An object that is processed by a particular command. All existing WPF commands use strings. Therefore, this property element syntax is only relevant for custom command scenarios. In order to support this syntax, the commandParameterObject object must also support object element syntax (must have a public default constructor).

Property Value

Type: System.Object
The command-specific data. The default is null.



The CommandParameter property is used to pass specific information to the command when it is executed. The type of the data is defined by the command. Many commands do not expect command parameters; for these commands, any command parameters passed will be ignored.

If the command that an input binding is associated with is a RoutedCommand, the CommandParameter of the input binding is passed to the RoutedCommand handlers through the ExecutedRoutedEventArgs and the CanExecuteRoutedEventArgs event data when the command is processed.

The data type and purpose of the command parameter are defined differently for each command and can be null.

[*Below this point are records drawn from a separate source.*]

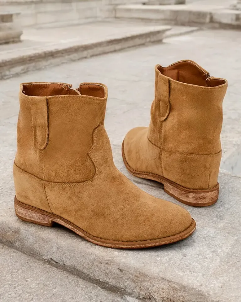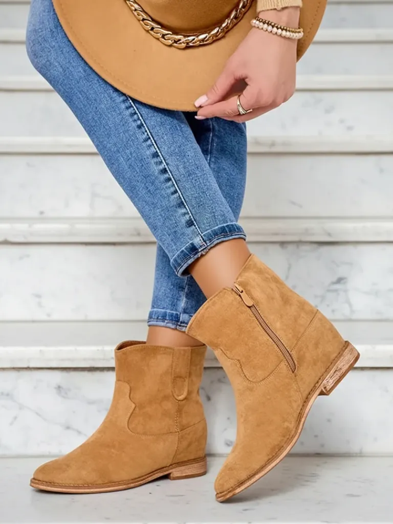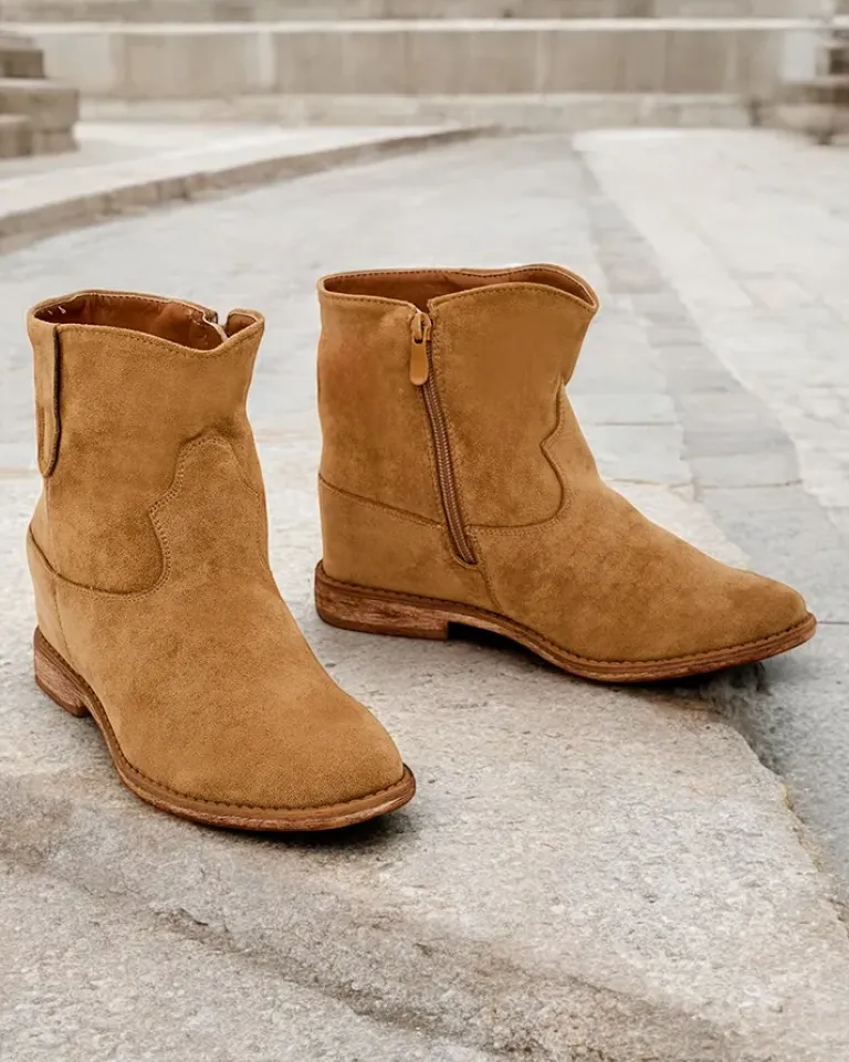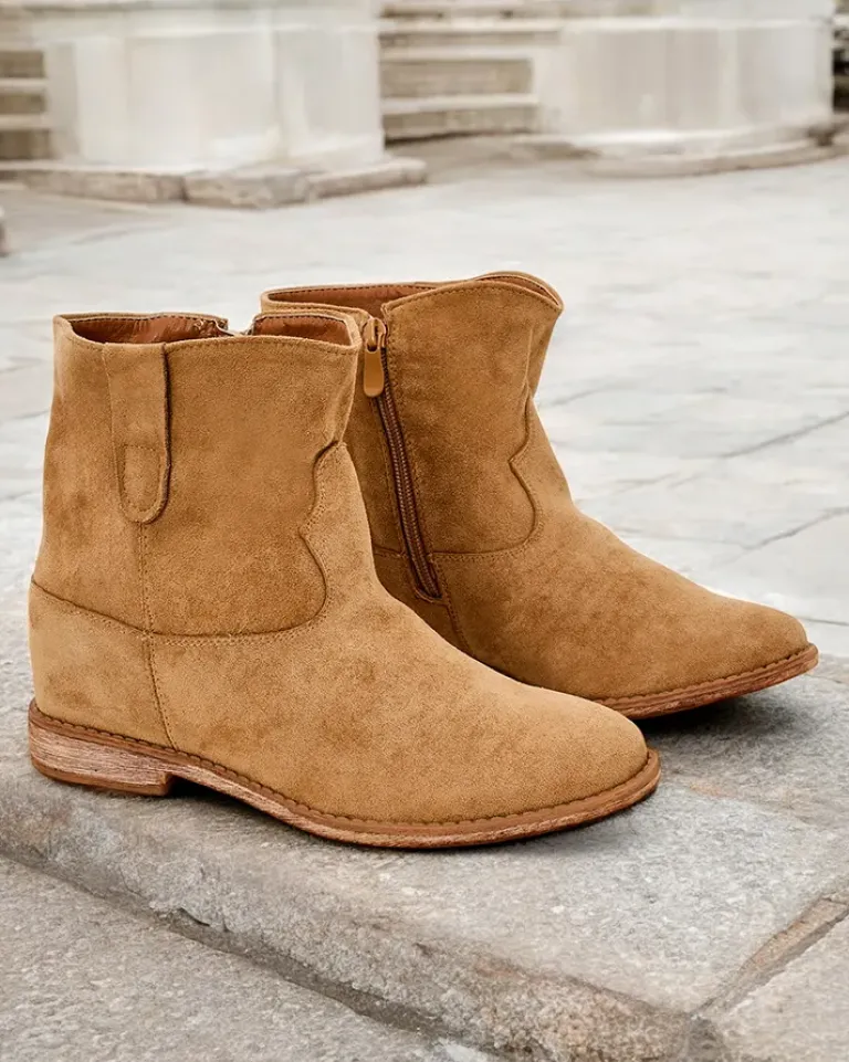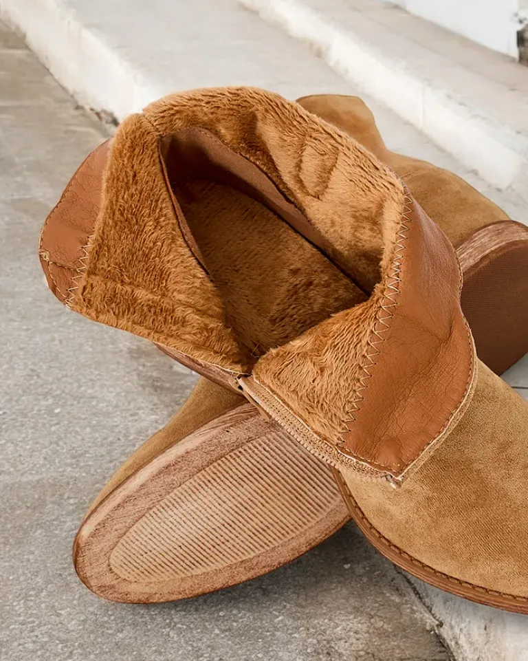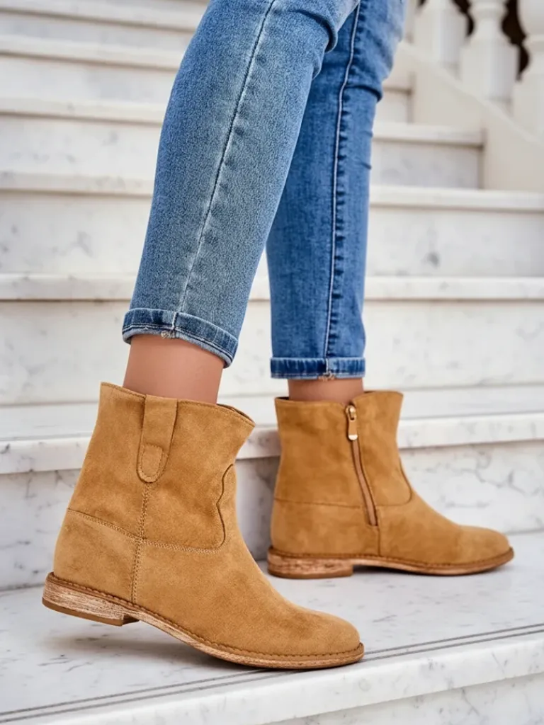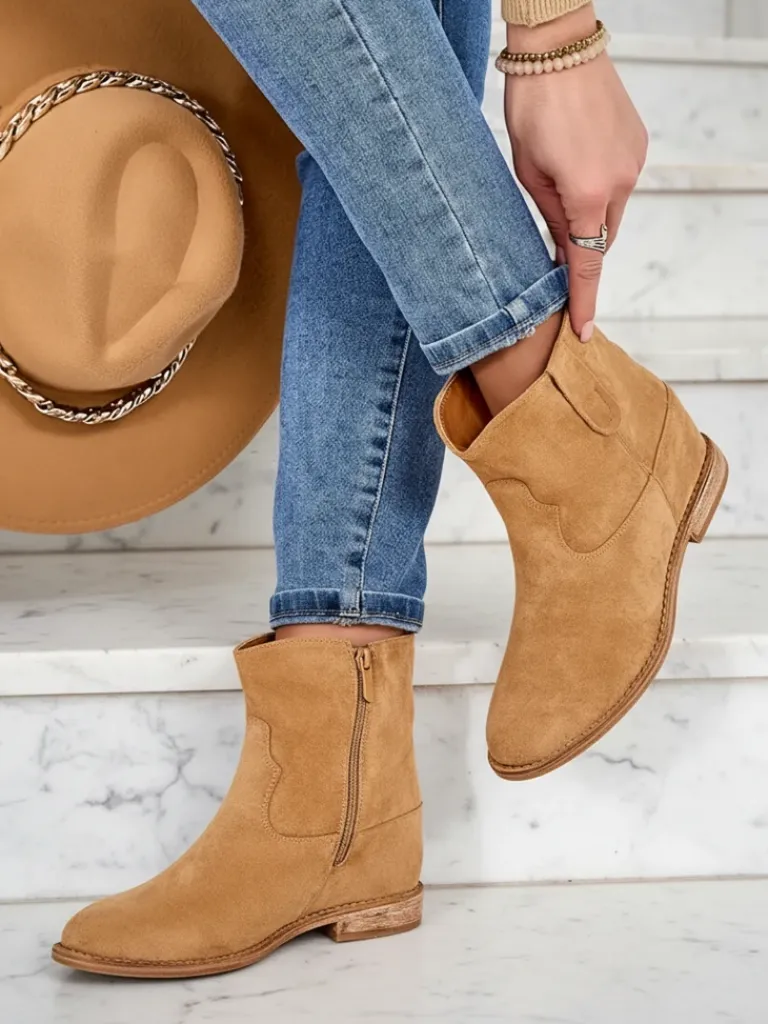 - Beżowe botki a’la kowbojki wykonane ze skóry ekologicznej zamszowej. Model posiada ocieplenie w środku w formie miękkiego futerka. Obuwie na niskiej krytej koturnie. Buty zapinane suwakiem.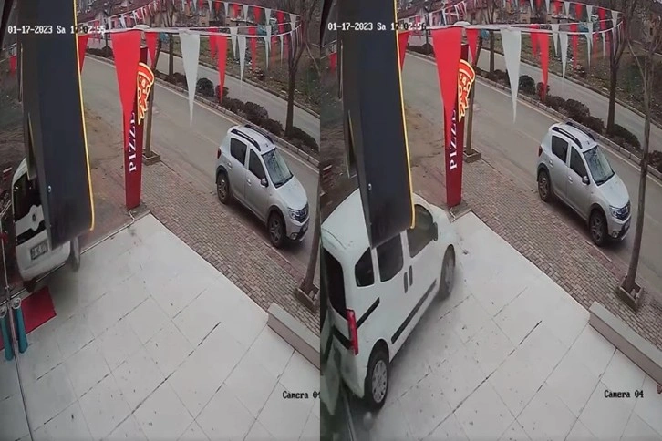 Öte yandan, kaza anı bir iş yerinin güvenlik kamerasına anbean yansıdı. Görüntülerde, kontrolden çıkan aracın savrularak önce kurye motosikletine ardından iş yerinin vitrinine çarptığı yer alıyor.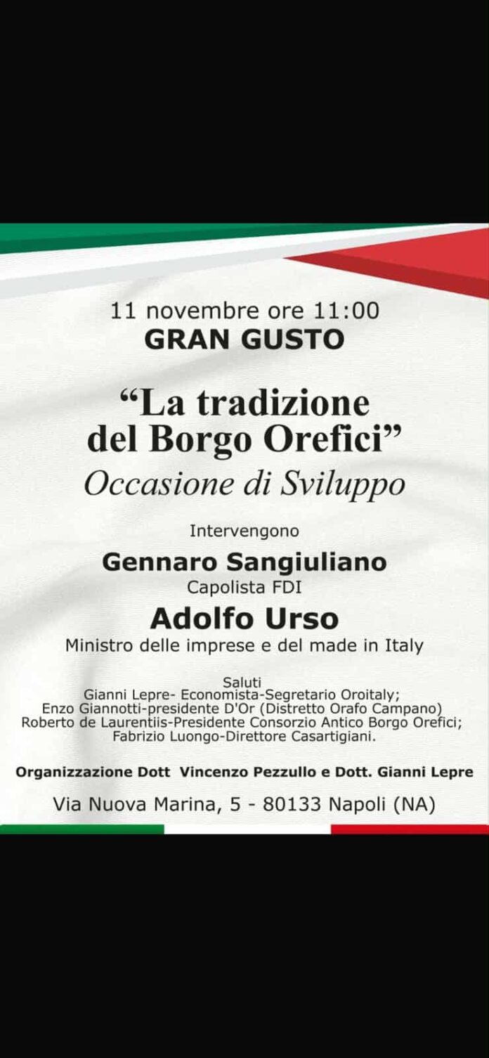 Domani, nella sala convegni di Gran Gusto a Via Marina, si terrà il dibattito su”La tradizione del Borgo Orefici-Occasione di sviluppo“. Ci sara’ la partecipazione del ministro delle imprese e del Made in Italy Adolfo Urso e del capolista di Fratelli d’Italia candidato al consiglio regionale, l’ex ministro Gennaro Sangiuliano. Interverranno per un saluto: Gianni Lepre-Economista, Enzo Giannotti– Presidente D’Or Campania, Roberto de Laurentiis-Presidente Consorzio Antico Borgo Orefici e Fabrizio Luongo– Segretario Casartigiani.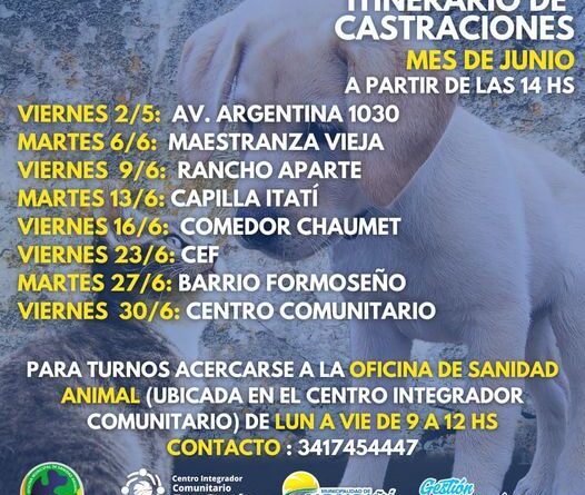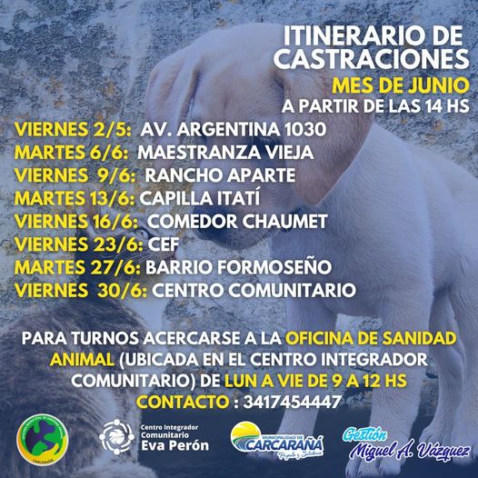 ArgentinaCarcarañáDepartamento San LorenzoNuevo Rumbo CASTRACIONES GRATUITAS con turno previo. 22 junio, 2023 Raquel Vaschetto Itinerario JUNIO Vacunas Antirrábica sin turno previo Les dejamos las ubicaciones y las fechas!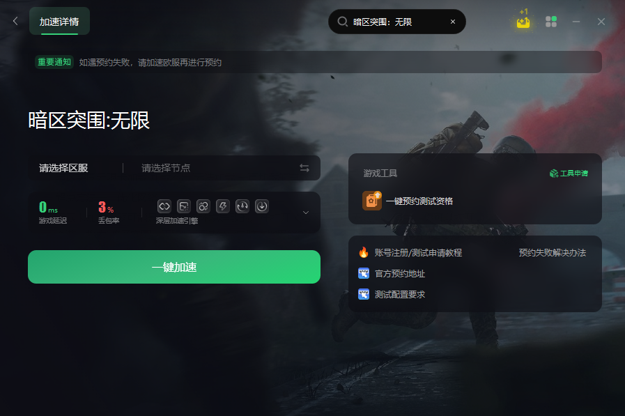 无限卡加载问题可能是由于网络环境导致的。在打开《暗区突围:无限》过程中,你可以打开奇游,搜索”暗区突围:无限”。通过优化电脑本地网络的环境,你可以解决因网络问题导致的加载问题,让游戏顺利加载,让你畅玩游戏。

You can bind the Command, CommandParameter, and CommandTarget properties to an ICommand that is defined on an object. This enables you to define a custom command and associate it with user input. For more information, see the second example in InputBinding.

The InputBinding class does not support XAML usage because it does not expose a public default constructor (it has a default constructor, but it is protected). However, derived classes can expose a public constructor and therefore, can set properties that are inherited from InputBinding with XAML usage. Two existing InputBinding derived classes that can be instantiated in XAML and can set properties in XAML are KeyBinding and MouseBinding.

.NET Framework

Supported in: 4, 3.5, 3.0

.NET Framework Client Profile

Supported in: 4, 3.5 SP1

Windows 7, Windows Vista SP1 or later, Windows XP SP3, Windows Server 2008 (Server Core not supported), Windows Server 2008 R2 (Server Core supported with SP1 or later), Windows Server 2003 SP2

The .NET Framework does not support all versions of every platform. For a list of the supported versions, see .NET Framework System Requirements.